SUPPLIED MATERIAL
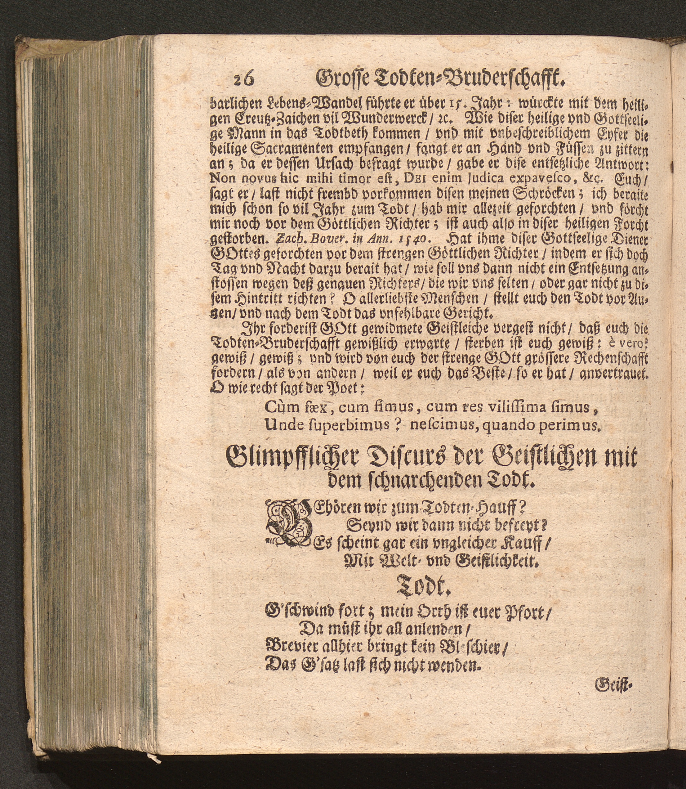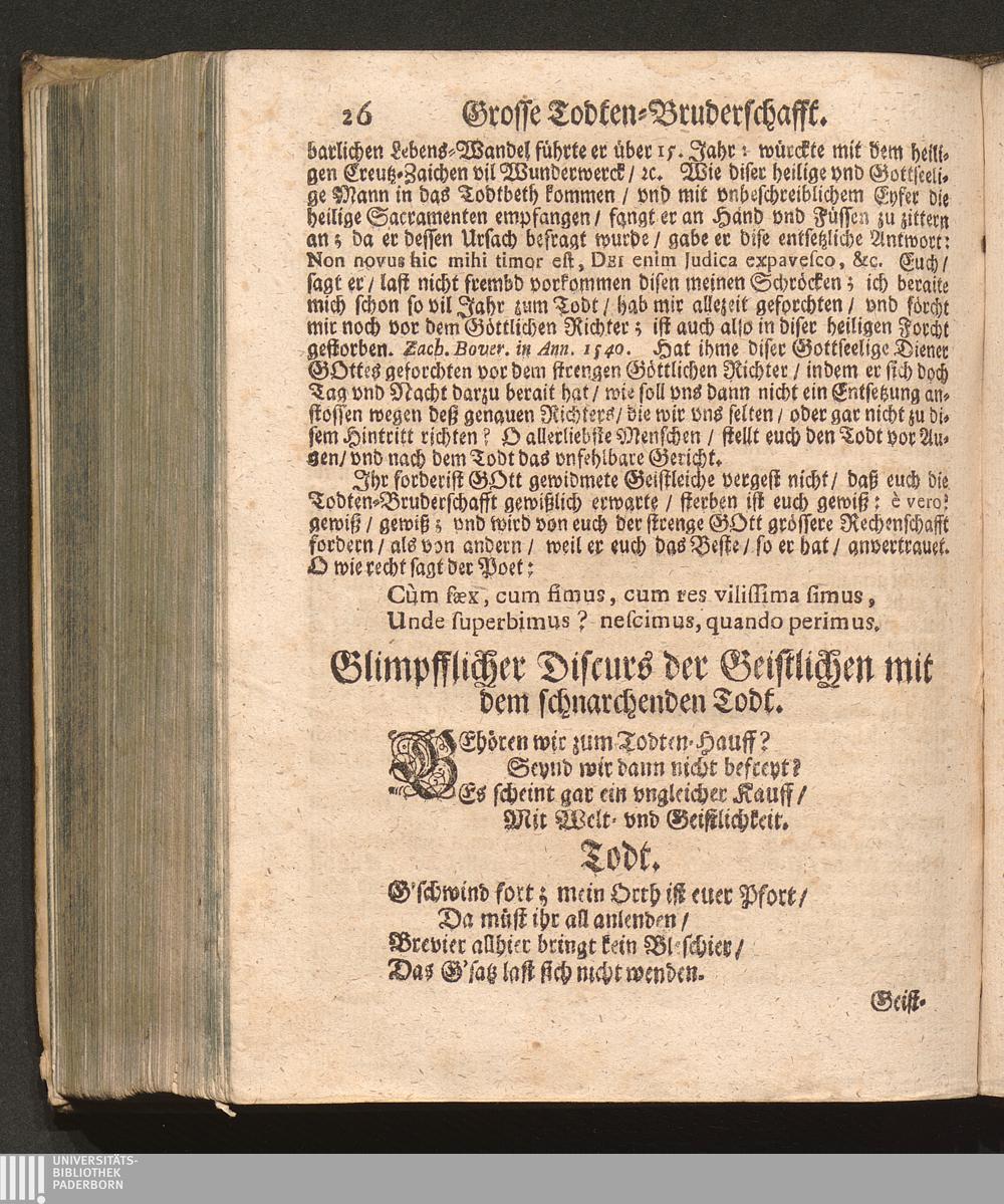 Grosse Todten-Bruderschafft/ Das ist: Ein kurtzer Entwurff Deß Sterblichen Lebens / Zusammen gesetzt Durch P. Abraham, Augustiner Baarfüsser/ Kayserlicher Prediger/ vnd dazumahl Prior/ [et]c.
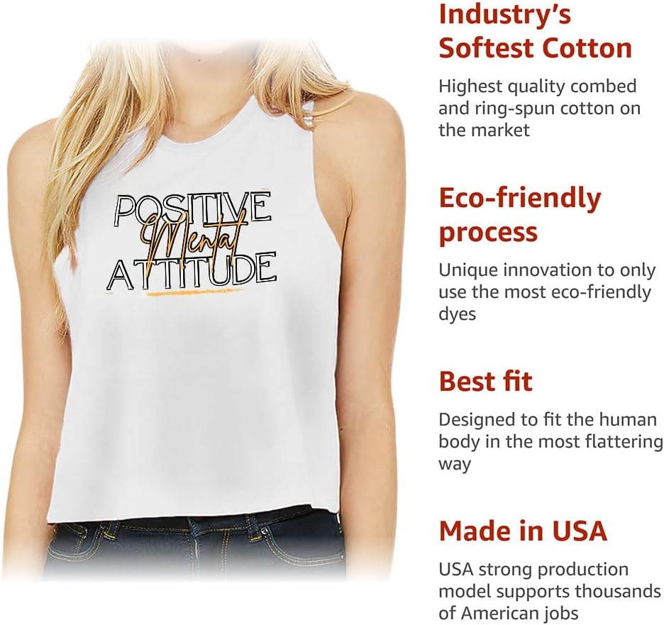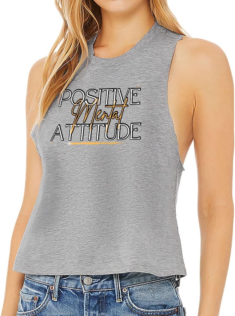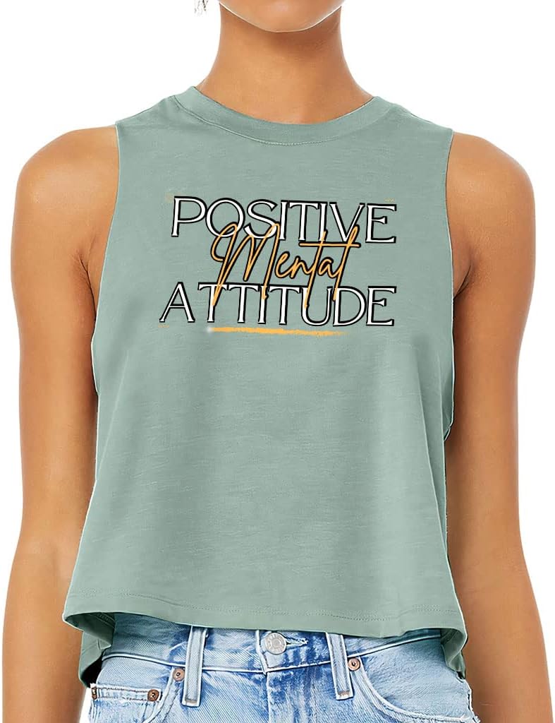 Cute and flattering Positive Mental Attitude Racerback Cropped Tank is suitable for most indoor or outdoor activities, such as gym, yoga, running, hiking, beach or relaxing around the house. Pair Phrase Women's Tank with your favorite sports bras, especially strappy ones, and high-waisted leggings, then you will enjoy cool and comfortable exercise throughout the summer.
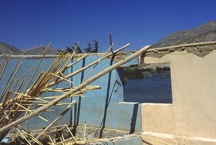 It's time to introduce Gualliguaica. It was a typical roadside town, naturally developed during centuries. Almost all construction was of adobe, which is inexpensive and provides very comfortable housing in this climate of strong day-night temperature changes. The houses had gardens full of fruit trees. But now, the town had been abandoned almost completely. The water was coming, meter after meter, to implacably take possession.

INSTRUCTIONS FOR THE TASK
Give back the whole listing exactly as it stands. No pictures belong in the copy.

EXERCISE ANSWER
 Grosse Todten-Bruderschafft/ Das ist: Ein kurtzer Entwurff Deß Sterblichen Lebens / Zusammen gesetzt Durch P. Abraham, Augustiner Baarfüsser/ Kayserlicher Prediger/ vnd dazumahl Prior/ [et]c.
 Cute and flattering Positive Mental Attitude Racerback Cropped Tank is suitable for most indoor or outdoor activities, such as gym, yoga, running, hiking, beach or relaxing around the house. Pair Phrase Women's Tank with your favorite sports bras, especially strappy ones, and high-waisted leggings, then you will enjoy cool and comfortable exercise throughout the summer.
 It's time to introduce Gualliguaica. It was a typical roadside town, naturally developed during centuries. Almost all construction was of adobe, which is inexpensive and provides very comfortable housing in this climate of strong day-night temperature changes. The houses had gardens full of fruit trees. But now, the town had been abandoned almost completely. The water was coming, meter after meter, to implacably take possession.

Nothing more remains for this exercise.